SUPREME COURT OF NEW YORK, APPELLATE DIVISION, FOURTH DEPARTMENT
June 27, 1968
IN THE MATTER OF ROCCO M. VIVENZIO ET AL., RESPONDENTS,
CITY OF UTICA ET AL., APPELLANTS. (APPEAL NO. 1.)
Appeal from order of Oneida Special Term ordering trial of certain issues and staying further actions.
Bastow, P. J., Del Vecchio, Marsh, Witmer and Henry, JJ.
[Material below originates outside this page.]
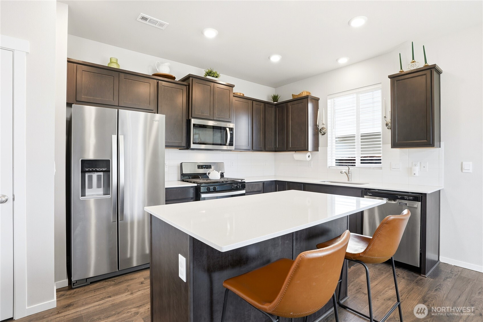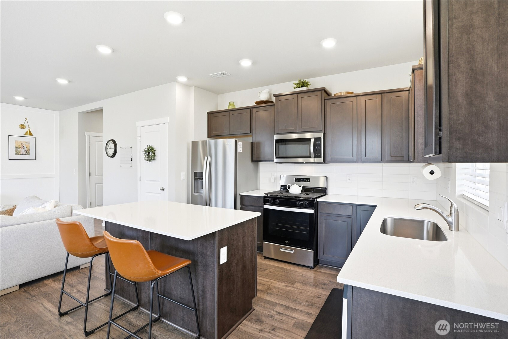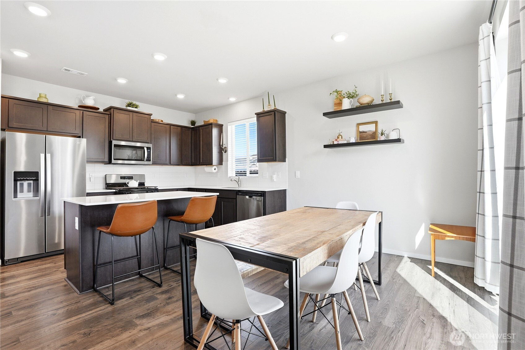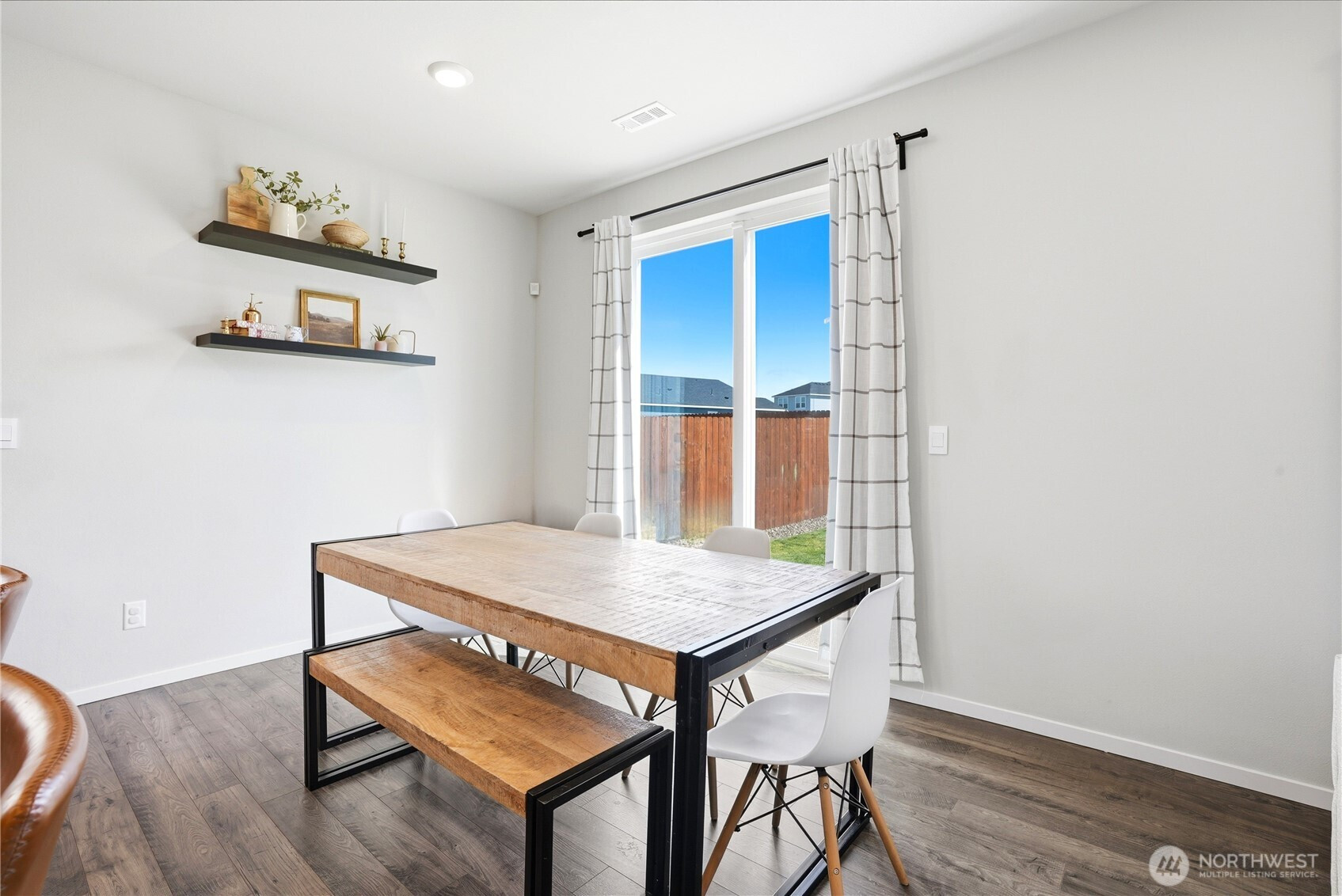 Better than new and the photos prove it. This 2022 DR Horton home in Phase 1 of Black Horse at Whiskey Creek has the finishes the newest builds left behind, plus the character the owners brought with them. Step inside to a welcoming entryway with board and batten detail, warm laminate hardwood floors, and a staircase that flows effortlessly into the open living space. The main level is bright and airy with 9-foot ceilings, a stylish living room featuring a custom shiplap accent wall, and a kitchen equipped with a gas stove, quartz countertops, and tile backsplash — the upgrades that matter. Upstairs, the primary suite is a true retreat with a designer board and batten feature wall, carpet, and plenty of natural light. Every room in this home has been thoughtfully cared for and tastefully finished. Move-in ready means actually ready — all appliances included, garage door opener installed, yard fully fenced and landscaped. The neighborhood does the rest: playground, paved paths, and irrigation water all covered through a low $86/month HOA.

Memorandum: In this article 78 proceeding an order was entered February 27, 1968 determining that seven stated issues of fact exist for trial and a further order was entered March 12, 1968 denying appellants' motion to strike certain paragraphs of the petition as scandalous, prejudicial, irrelevant and immaterial and for judgment dismissing the petition upon various grounds founded upon submitted documentary evidence, and appellants appeal from both of said orders. CPLR 5701 provides in part as follows: "(b) Orders not appealable as of right. An order is not appealable to the appellate division as of right where it: 1. is made in a proceeding against a body or officer pursuant to article 78; or * * * 3. orders or refuses to order that scandalous or prejudicial matter be stricken from a pleading. (c) Appeals by permission. An appeal may be taken to the appellate division from any order which is not appealable as of right in an action originating in the supreme court or a county court by permission of the judge who made the order granted before application to a justice of the appellate division; or by permission of a justice of the appellate division in the department to which the appeal could be taken, upon refusal by the judge who made the order or upon direct application." The two orders from which these appeals are taken fall squarely within the quoted provisions of the statute. These statutory provisions are partially an outgrowth of section 1304 of the Civil Practice Act which provided that in an article 78 proceeding there could be no appeal from a non-final order except by permission of the court or in conjunction with an appeal from a final order (see Matter of Fischer v. Briante, 6 A.D.2d 814; Matter of Sunland Beverage Corp. v. Rohan, 6 A.D.2d 996; Matter of Hotel Esplanade v. Herman, 24 Misc. 2d 1086). If permission to appeal had been sought (cf. CPLR 5514, subd. [a]), we would have denied the application.
Appeal unanimously dismissed, with costs to respondents.